6. **Scan roots stay honest.** `[scan].roots` includes every evidence location (your source,
   tests, docs, and later your CI workflows and scripts). Audit roots whenever a new evidence
   dir appears — a missing root makes evidence *silently* vanish from the trace.

### Stages

`doc` (prose / design / API-doc) · `impl` (production code) · `unit` (unit test) · `int`
(integration / e2e / cross-process / cross-node). Default activation policy:
`["doc","impl","unit"]`; networking / lifecycle / cross-node reqs add `int`.

### Tag examples

Real tags are `[<stage>->REQ-ID]` with a bare stage word. The examples below angle-bracket the
stage (`[<impl>->...]`) only so the scanner treats them as illustrations, not live evidence —
write a bare stage word in real code.

```rust
// [<impl>->REQ-EXAMPLE-1]
fn do_the_thing(...) { ... }
```
```rust
// [<unit>->REQ-HAZARD-EXAMPLE]
#[test] fn upholds_the_invariant() { ... }
```
```markdown
<!-- [<doc>->REQ-EXAMPLE-1] -->
## The thing, explained
```

## Enforcement (four layers — defense in depth)

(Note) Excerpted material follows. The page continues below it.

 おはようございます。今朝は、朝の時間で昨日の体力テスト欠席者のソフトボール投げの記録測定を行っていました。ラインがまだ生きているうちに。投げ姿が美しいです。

1. **CI gate (hard backstop).** `traceable-reqs check --json` runs on every PR / push; exit-1
   (`missing_stage` / `undeclared_id` / `parse_error` / `manifest_error`) **fails the build**. A
   PR can't merge if it leaves an *activated* req's required stage uncovered. Runs alongside the
   DOCS-STRATEGY docs-drift gate.
2. **Milestone activation gate.** Starting a milestone flips its reqs from `[]` to the real
   policy; the milestone **is not done until `check` is green for its reqs**. Coverage grows
   *with* the project instead of failing on day one.
3. **Agent-facing rule.** The repo `AGENTS.md` instructs every dev-agent: tag
   `[<stage>-><REQ-ID>]` in the same change as the evidence, and run `traceable-reqs check`
   before declaring done. If this project is built *with* agents, the contract must be
   machine-followable — agent discipline + CI as the net.
4. **Quality audit (anti-box-ticking).** `check` proves a tag *exists*; `traceable-reqs review`
   + `lint` audit whether tags sit near *real* evidence and whether titles are meaningful. Run
   advisory in CI (or periodically). Presence = hard gate; quality = audited.

Optional fast-feedback: a pre-push git hook running `traceable-reqs check` locally.

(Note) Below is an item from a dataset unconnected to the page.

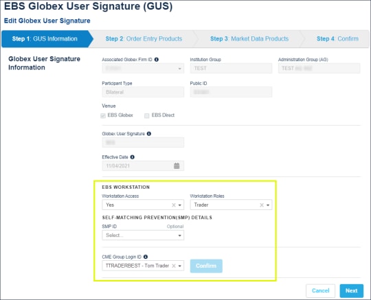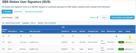 The following instructions illustrate the process to Edit Information for an existing Globex User Signature (GUS) and the associated Globex Firm ID (GFID).

## CI snippet (hosted-runner fallback; see `docs/CI.md` for the agent-driven default)

```yaml
# .github/workflows/traceability.yml
name: traceability
on: [push, pull_request]
jobs:
  check:
    runs-on: ubuntu-latest
    steps:
      - uses: actions/checkout@v4
      - name: Install traceable-reqs
        run: gh release download --repo BigscreenVR/traceable-reqs --pattern '*linux-x86_64' --output traceable-reqs && chmod +x traceable-reqs
        env: { GH_TOKEN: ${{ github.token }} }
      - name: Coverage gate (hard)
        run: ./traceable-reqs check --json
      - name: Quality audit (advisory)
        run: ./traceable-reqs lint || true
```

## Lifecycle

- **Now (planning):** manifest seeded, all reqs inactive. `check` is green (nothing required
  yet).
- **First milestone:** install the CLI, validate the seed against it, wire the CI gate,
  **activate that milestone's reqs** (and the `REQ-HAZARD-*` invariants it must uphold), tag as
  code lands.
- **Each later milestone:** activates + covers its requirements before it's called done.